La trappola che Giorgia ha cercato di tendere attirando la rivale diretta in una sorta di prova plebiscitaria nelle europee ha proprio l’obiettivo di bruciarla. Perché, commentano i suoi collaboratori, “Bonaccini è più pericoloso ma è anche un leader che non si limiterebbe a chiedere dimissioni di qualcuno ogni giorno e col quale si potrebbe dialogare”.
In Campania e Puglia, gli altri due target della premier, la partita resterebbe aperta anche senza la cancellazione del limite dei due mandati. Nessuna delle due regioni ha recepito la legge 165 che limita i mandati.

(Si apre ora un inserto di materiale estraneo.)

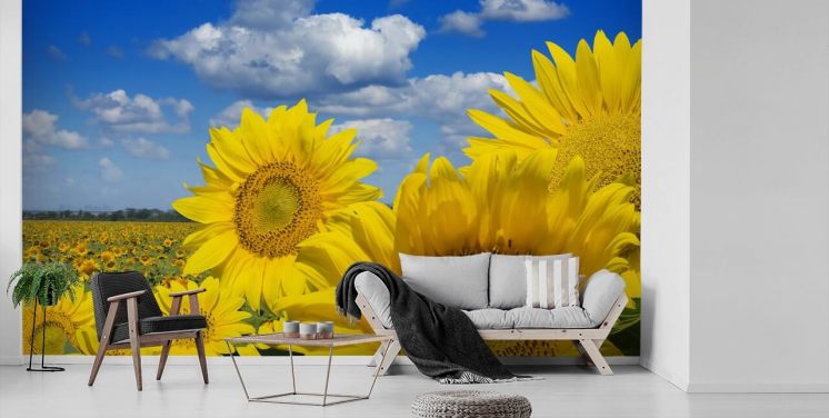 Bring the sunshine into your house with one of our many sunflower wallpaper designs. A sunflower wall mural is perfect for adding more colour to your interior design, and we have various options, including sunflower fields, close-ups of their petals and leaves, and colourful patterned sunflower wall murals.

Dunque De Luca ed Emiliano sono decisi a correre comunque ma, anche senza contare il rischio che la norma venga interpretata come obbligo anche senza il consenso delle singole regioni, dovrebbero correre contro il loro partito e la partita per la premier sarebbe comunque molto più facile.
Meloni è convinta di avere oggi la forza di imporre ciò che vuole costringendo gli alleati a fingersi soddisfatti, come nel caso appunto di Salvini.
Eppure proprio in questa sicurezza che sta degenerando in arroganza si annida il principale rischio che corre oggi. Umiliare gli alleati vuol dire ritrovarseli pronti alla coltellata quando le circostanze lo permetteranno, e prima o poi quasi certamente capiterà.
Esagerare negli atteggiamenti imperiosi e imperativi vuol dire inimicarsi una parte del popolo votante anche di destra ed è già successo di recente che la punizione sia arrivata nelle urne di un referendum. Per questo tra i consiglieri di Giorgia non mancano quelli che le suggeriscono una maggiore condiscendenza. Sempre che ne sia capace e non è affatto detto.